Charles Gave a poursuivi ses études à Toulouse où il a passé un DESS d’économie et obtenu le diplôme de l’Institut des sciences politiques. Il est ensuite parti aux Etats-Unis pour un MBA de finance et gestion, avant de créer plusieurs affaires.
Très proche du regretté André Daguin, Charles Gave a partagé avec lui quelques souvenirs mémorables autour de la gastronomie et du rugby. Au chapitre des anecdotes : « Je me souviens d’un match de rugby entre Auch et Tarbes, en compagnie d’André Daguin. Un énorme derby à l’époque. Alors qu’un joueur de Tarbes restait au sol, KO, le joueur d’Auch qui lui avait mis la mandale est tombé à son tour. J’ai alors demandé à André une explication et il m’a dit : ‘il a dû se faire mal à la maing’. Il était parfait ».

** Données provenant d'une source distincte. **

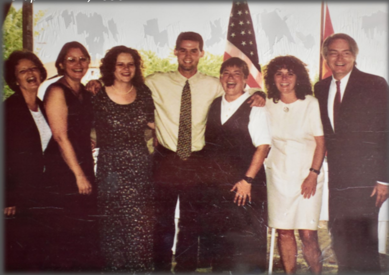
Grupi: MAK 1, 1996

Korpusi i Paqes formoi programin e tij në Maqedoninë e Veriut në vitin 1996, me ftesë të Qeverisë së Maqedonisë së Veriut. Që atëherë, më shumë se 800 vullnetarë kanë shërbyer në shkolla, komuna, organizata qytetare dhe institucione publike për të përmbushur nevojat e ndryshme të komuniteteve në vend. Si mirënjohje për rëndësinë e Korpusit të Paqes për përmirësimin e miqësisë maqedonase-amerikane dhe për detyrimin dhe përkushtimin e vullnetarëve në shoqërinë maqedonase, kryetari i Maqedonisë
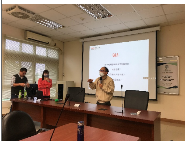
圖五、講座過程實況(三)
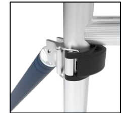
Installation rapide des stabilisateurs
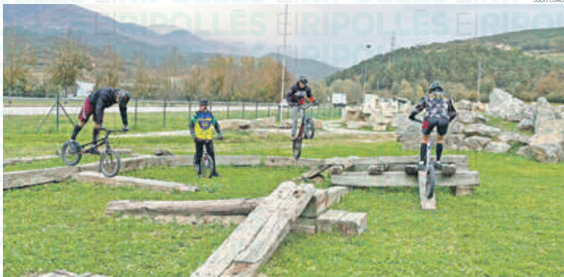
Alumnes del curs 2021-2022 entrenant a les instal·lacions de l'Avellaneda

Amb el curs ja finalitzat, el centre ja treballa per encarar la pròxima temporada. De mo-
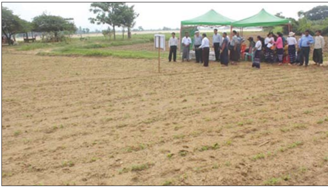
ဆောင်းသီးနှံစိုက်ပျိုးထားမှုအား တာဝန်ရှိသူများ ကြည့်ရှုစစ်ဆေးစဉ်။

ကျွန်တော်က မြို့နယ်အလိုက်တွေ့ရှိရသည့် မြေအခြေအနေများကို ရှင်းလင်းပြလိုက်ရရှိ
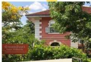
หมู่บ้านฮอลันดา
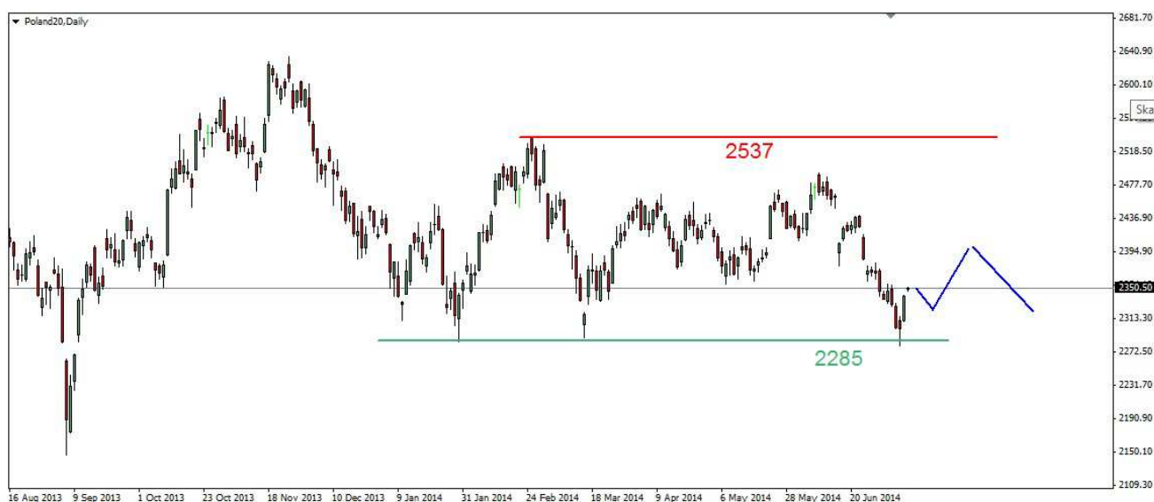
Wykres 1. Kontrakty na indeks WIG20

PROGNOZA W krótkim terminie możliwe jest odreagowanie spadków z czerwcowego szczytu. Silna bariera na wykresie indeksu WIG20 znajduje się w rejonie 2430pkt. W mojej ocenie jest ona poza zasięgiem popytu. Po lipcowym przesileniu na giełdach w USA możliwa jest kolejna fala spadków. Wtedy może dojść do testowania tegorocznego dna na poziomie 2280pkt. (wykres 1) Próba trwałego rozbicia tego wsparcia nie powinna się udać, co może skutkować kilkutygodniową falą wzrostów.
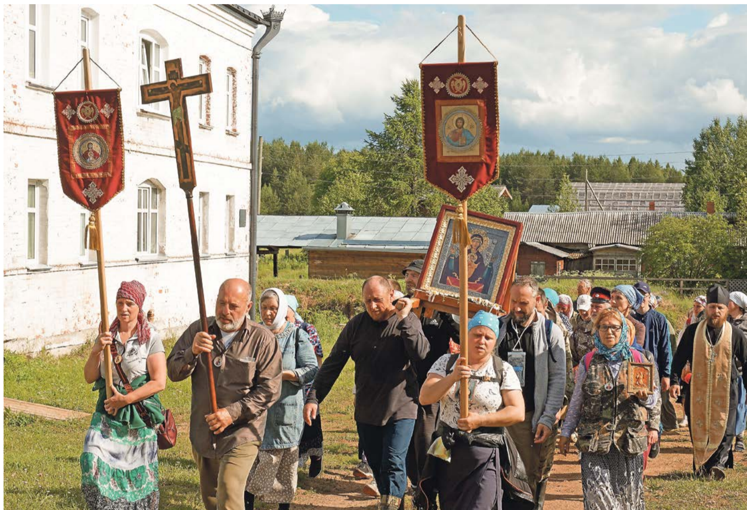
Возвращение крестоходцев в Артемиево-Веркольский монастырь

Меня всегда поражают и восхищают люди, которые, несмотря на свой возраст и болячки, преодолевают этот путь.

« Il y a une autre attache qui s'est créée avec le Pays Basque plus récemment. Avec Louis, mon fils, il y a quelques années, nous avons décidé de relancer le Biarritz Olympique. Nous sommes tous les deux des gens de rugby. Je l'ai découvert à la fac à Toulouse, j'ai adoré. Mon fils, encore plus. Il était président du principal club à Hong Kong et il continue à jouer dans un club au Canada, avec des bûcherons canadiens. Après tout, pour un catholique, le rugby, c'est le seul sport évangélique, parce que, comme dans l'Évangile, il vaut mieux donner que recevoir (rires) ».